La foresta continua a fiancheggiare le rive del fiume e a presentar sempre nuove scene.
Mi tormenterei invano se volessi esprimere con parole le varie emozioni che provai viaggiando in un paese a me fino allora sconosciuto, di cui avevo letto e avevo udito narrare mille cose bizzarre e stravaganti. Dirò solo che inoltrarsi in un tal paese e spaziare collo sguardo avidamente da ogni parte; trovare un pascolo continuo alla curiosità in tutto ciò che cade sott'occhio o giunge all'orecchio; gettare un oh!! di stupore a ogni tratto, e chiedere ogni momento a' barcaiuoli or questa or quella cosa; sentire che la mente a poco a poco si dilata e si rischiara; provarsi ad abbozzare un gruppo di gente che non si sa ancora a quale tribù appartenga e qual religione professi; sperare di veder presto la Croce di Cristo trionfar della loro barbarie traendo seco gloriosa la civiltà; e pensare di descrivere un giorno, o colla voce o colla stampa, tante cose a chi non le ha mai vedute o sentite... è davvero il più vivo e il più vario dei diletti umani.
Queste foreste, che accompagnano il fiume a destra e a sinistra, da Chartùm (15°, 37′) fin presso a machàdat-Abù-Zèt (13º lat. N.), non s'estendono in larghezza che circa due miglia geografiche, e in gran parte sono inondate dalle acque del fiume durante la stagione piovosa.

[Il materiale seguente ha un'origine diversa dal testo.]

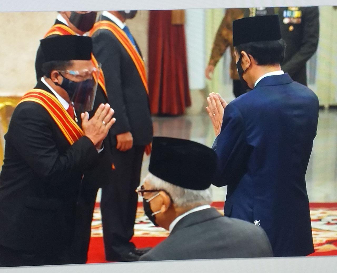 “Menganugerahkan tanda kehormatan Bintang Mahaputera dan Bintang Jasa kepada mereka yang nama, pangkat, dan jabatannya tersebut dalam lampiran keputusan ini sebagai penghargaan atas jasa-jasanya sesuai ketentuan syarat khusus dalam rangka memperoleh tanda kehormatan Bintang Mahaputera dan Bintang Jasa sebagaimana diatur dalam undang-undang,” kata Plh Sekretaris Militer Presiden Brigjen TNI Basuki Nugroho saat membacakan Keppres dalam upacara, Rabu (11/11/2020)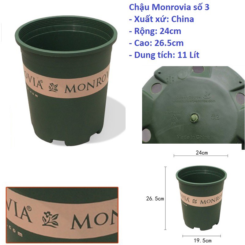 Sản phẩm nhập. Duy nhất màu xanh với dòng chữ và logo Monrovia bản quyền sắc nét. Rất thích hợp làm quà tặng đẳng cấp, sang trọng. Đặc điểm thú vị nhất của chậu nhập Monrovia là trồng bất cứ loại cây nào cũng hợp và mang lại cảm hứng tuyệt vời cho người làm vườn trên toàn thế giới. Có lỗ thoát nước. Chất liệu: nhựa.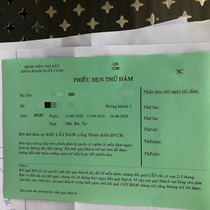 객담검사는 엑스레이 찍고 1주일 내에 시행되어야 한다고 나와있는데 여기에서 슬롯이 꽉 차서 안된다고 할 수도 있다. 그럴 때는 당황하지 말고 IOM 직원과 통화하도록 하면 알아서 잘 조율된다. 원래 객담검사는 7시 반부터 가능하다고 했지만 남편은 6시 반 슬롯을 배정받았다.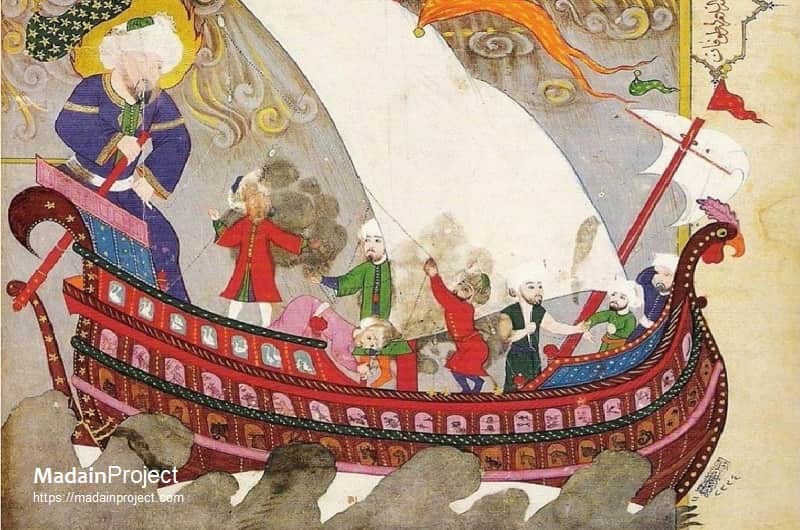 A Mughal miniature painting from the Stories of the Prophets. Nuh (Noah) seated in the upper right corner, while the animals are gathered in the middle and lower decks, the men are seen tending to the ship and rescuing.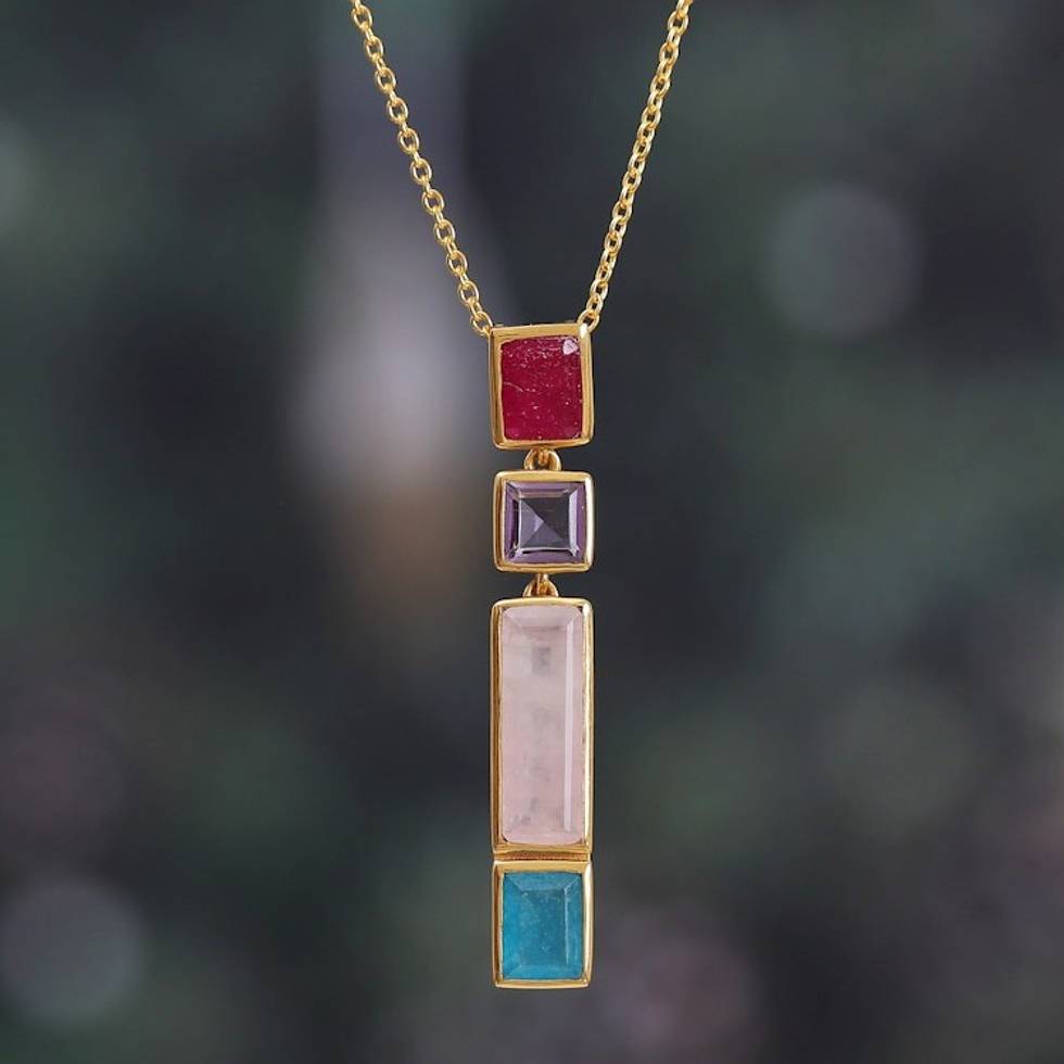 Polished 18k Gold-Plated Multi-Gemstone Pendant Necklace 'Vibrant Me' Item ID: 2671782157

I primi abitanti che si trovano a sud di Chartùm lungo il Bàhr-el-Àbiad sono gli Arabi Hossanìeh, e quindi i Baggàra a sinistra del fiume, e gli Abù-Ròf a destra tra il 10º e il 14º lat. N.
Questi, come quasi tutti gli Arabi del Sudàn qua e là dispersi tra il 10º e il 15º grado, dalle rive del Senegàl sino a quelle del fiume Azzurro, si dicono Arabi d'Abù-Zèt.
Ecco quanto ci racconta la tradizione presso tutte le tribù arabe da me visitate lunghesso i fiumi Bianco ed Azzurro, fatta eccezione degli Abù-Gerìt, o Zabàlat[1], e di qualche altra piccola tribù di colore giallognolo, la quale venne a stanziarsi nel Sudàn molto più tardi degli Arabi Abù-Zèt.
«In un'epoca posteriore all'egira, e forse allor quando Amùr s'impadroniva dell'Egitto, molte tribù arabe, sotto la condotta di Abù-Zèt e di altri suoi compagni, abbandonarono la penisola arabica, e traversato il mar Rosso, probabilmente a Bab-el-Màndeb, per una via ora sconosciuta arrivarono finalmente al fiume Bianco durante la stagione secca. Abù-Zèt, essendo le acque molto basse, camminava lungo il fiume per vedere se c'era un guado; e trovatolo, passò pel primo alla riva opposta tirando per l'orecchio una delle sue capre e cercando così di eccitare uomini ed animali a seguirlo; ma non vi riuscì; niuno s'attentò di traversare il fiume in quel punto a cui fu dato il nome, che tuttora conserva, di guado della capra (machàdat-el-Àns). Abù-Zèt quindi ruppe il guado, poche ore dopo di cammino più a nord, in un luogo che presentava minori difficoltà, e tutti lo seguirono uomini ed armenti. Da quell'epoca il guado prese il nome di Abù-Zèt (machàdat-Abù-Zèt).»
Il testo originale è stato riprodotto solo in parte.